A grande corrida às casas

 


A recente reportagem intitulada "A grande corrida às casas", publicada na página 32 e seguintes da revista "Sábado", apresenta vários equívocos importantes do ponto de vista da avaliação imobiliária. É crucial esclarecer estas questões para evitar que os leitores sejam induzidos em erro por conceitos, práticas e terminologias inadequados. A seguir, expõem-se alguns dos problemas identificados.

 

-Valor de Mercado vs. Preço de Mercado

 

O artigo comete um erro essencial ao confundir “preço de mercado” com “valor de mercado”. Esta distinção é central na avaliação de imóveis. O valor de mercado é uma estimativa baseada em abordagens reconhecidas, considerando variáveis como localização, área, estado de conservação e outras características. Em contrapartida, o preço é o montante efetivamente pago por um imóvel, algo que apenas se torna conhecido após a escritura. O preço de um imóvel pode ser inferior, igual ou superior ao seu valor de mercado

 

O equívoco não é meramente semântico.
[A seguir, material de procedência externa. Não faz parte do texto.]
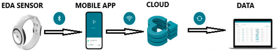Wireless setup: The EDA sensor connects to the mobile app software via Bluetooth, enabling real-time data transmission to a cloud platform via Wi-Fi. Data access is provided through a cloud portal, which offers options for visualization and further analysis.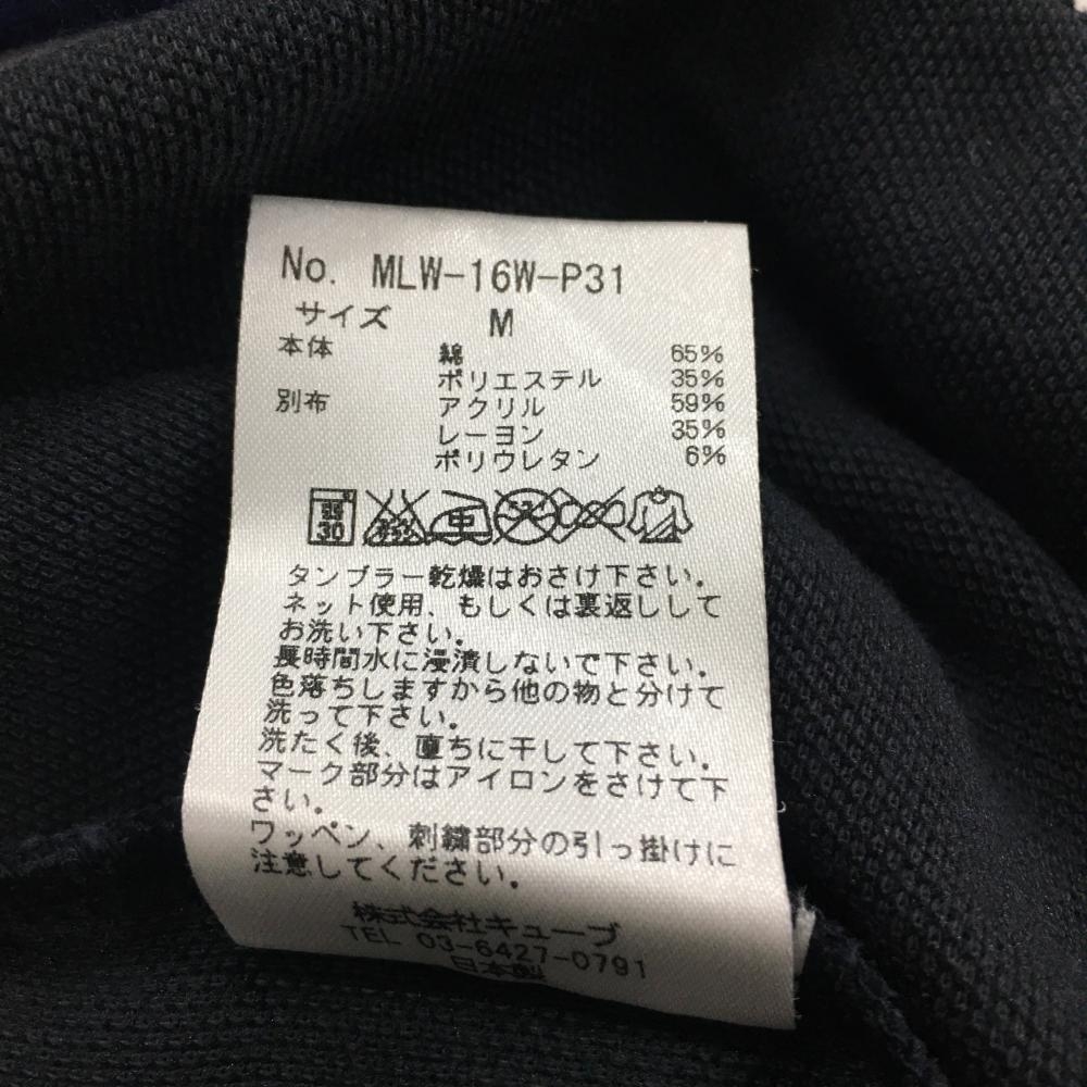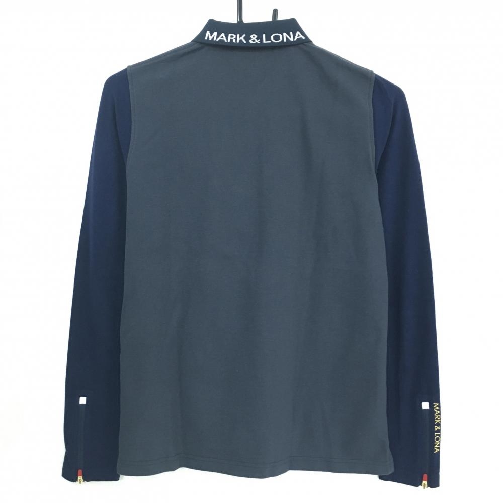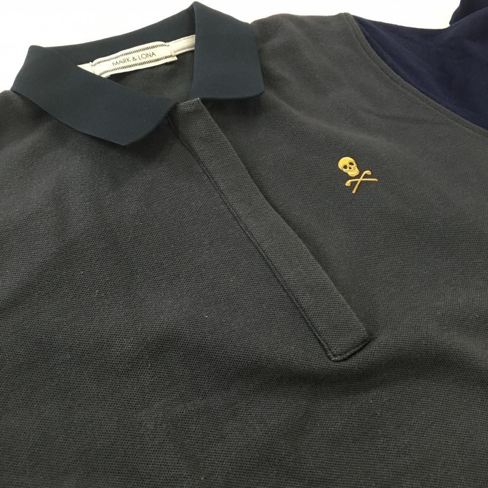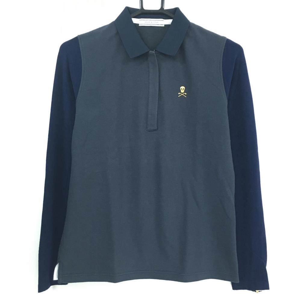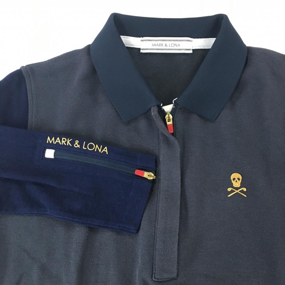 マークアンドロナ 異素材長袖ポロシャツ ネイビー スカル 袖微起毛素材 レディース M ゴルフウェア MARK&LONA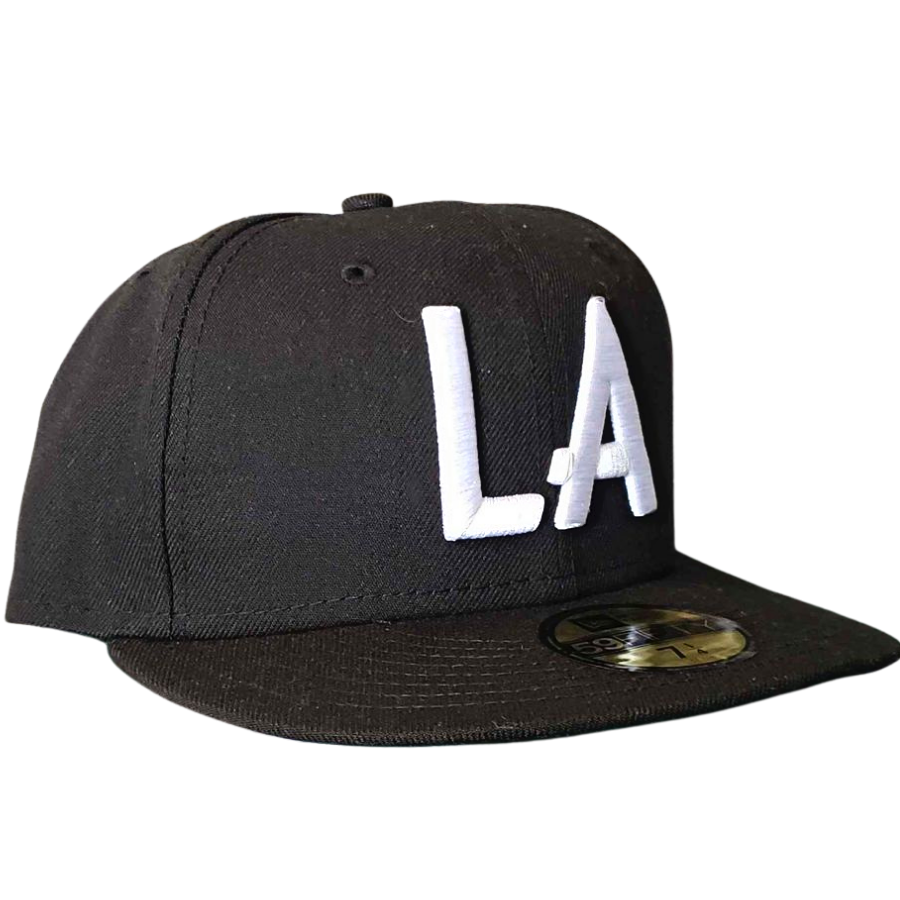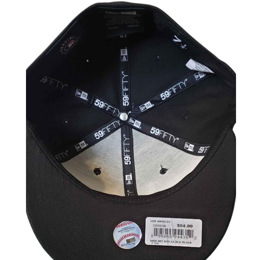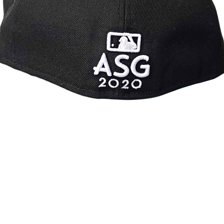 This New Era Los Angeles Dodgers fitted hat has a black and white colorway. The 59FIFTY fitted features a black six panel structured high crown, embroidered eyelets and fabric squatchee button. The flat bill of the fitted is black with a "Black Nasty" black undervisor. The front panel features the lettermarks "LA" and "ASG 2020" embroidered in white thread on the back of the crown.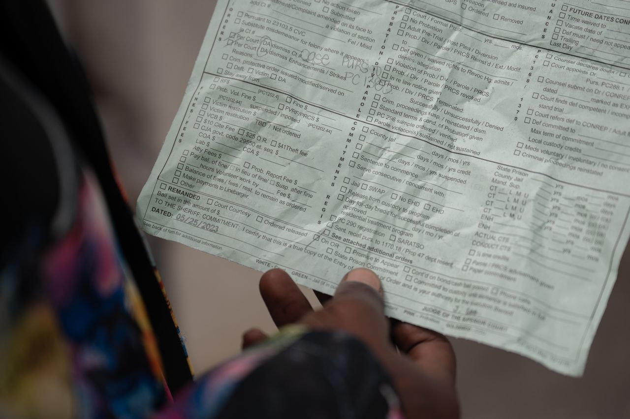 亞當·卡彭特手持撤銷指控的法律文件。過去三十年間,許多試圖逃離奧克蘭和舊金山等城市高房價與高犯罪率的黑人家庭遷至安條克。最新人口普查數據顯示,該市白人佔36%,黑人佔20%。

Confundir estes termos pode levar à interpretação errada de que o mercado é mais previsível do que é na realidade. Para que a reportagem seja útil e informativa, deve refletir o rigor terminológico próprio das práticas da avaliação imobiliária.

 

-Conceitos de Preço de Venda Rápida e Venda Justa

 

Outro ponto que merece uma chamada de atenção é a menção aos conceitos de “preço de venda rápida” e “preço de venda justa”. Estes termos não fazem parte das bases de valor reconhecidas por um perito avaliador de imóveis certificado. A sua origem está associada a empresas de "metasearch", que frequentemente empregam tais expressões como ferramentas de marketing para atrair compradores.

 

Estas nomenclaturas podem ser enganosas. Um preço “justo” ou “rápido” são construções artificiais que não têm sustentação técnica e não seguem os critérios normativos de avaliação. Em última análise, são estratégias que podem induzir os compradores a interpretações erradas do mercado imobiliário, afastando-os de uma compreensão realista e sustentada do valor de um imóvel.

 

-Comparar Imóveis com Áreas Muito Diferentes

 

A reportagem também erra ao comparar imóveis com áreas substancialmente diferentes. Este tipo de análise é incorreto e vai contra os princípios da avaliação imobiliária, que exige que sejam comparados imóveis com características semelhantes. Diferenças significativas de área, localização ou estado de conservação resultam em distorções que tornam as conclusões irrelevantes.

 

No contexto de uma avaliação comparativa de mercado, os imóveis escolhidos para comparação devem ser rigorosamente selecionados com base em critérios técnicos e objetivos. Sem este cuidado, as comparações não só são inválidas como também podem levar a decisões financeiras mal fundamentadas.

 

-Violação da Lei 15/2013

 

Alega-se no artigo que “para que não haja desajuste no preço, costuma ser feita uma análise comparativa, por um profissional, com imóveis similares à venda na mesma zona”. Este procedimento apresenta um grave problema: representa um claro conflito de interesses e constitui uma violação da Lei 15/2013.

 

Segundo esta legislação, os agentes imobiliários não estão autorizados a realizar avaliações de imóveis que promovam. Este papel cabe exclusivamente a peritos avaliadores devidamente certificados, cuja independência é garantida pela sua isenção em relação ao processo de promoção ou venda do imóvel. Ignorar esta separação compromete a fidedignidade da avaliação e pode expor os compradores a conflitos de interesse prejudiciais.

 

-Conclusão

 

Embora o artigo tenha a intenção de abordar um tema de grande interesse para o público, a forma como trata os conceitos da avaliação imobiliária apresenta várias lacunas. É importante que publicações deste tipo assegurem a correta utilização de termos técnicos e a apresentação de análises fundamentadas.

 

Uma abordagem mais cuidadosa e informada contribuiria para uma melhor compreensão do mercado imobiliário, beneficiando tanto os compradores quanto os profissionais do setor. A precisão e o rigor devem ser prioridades ao comunicar temas com impacto direto na tomada de decisões das pessoas.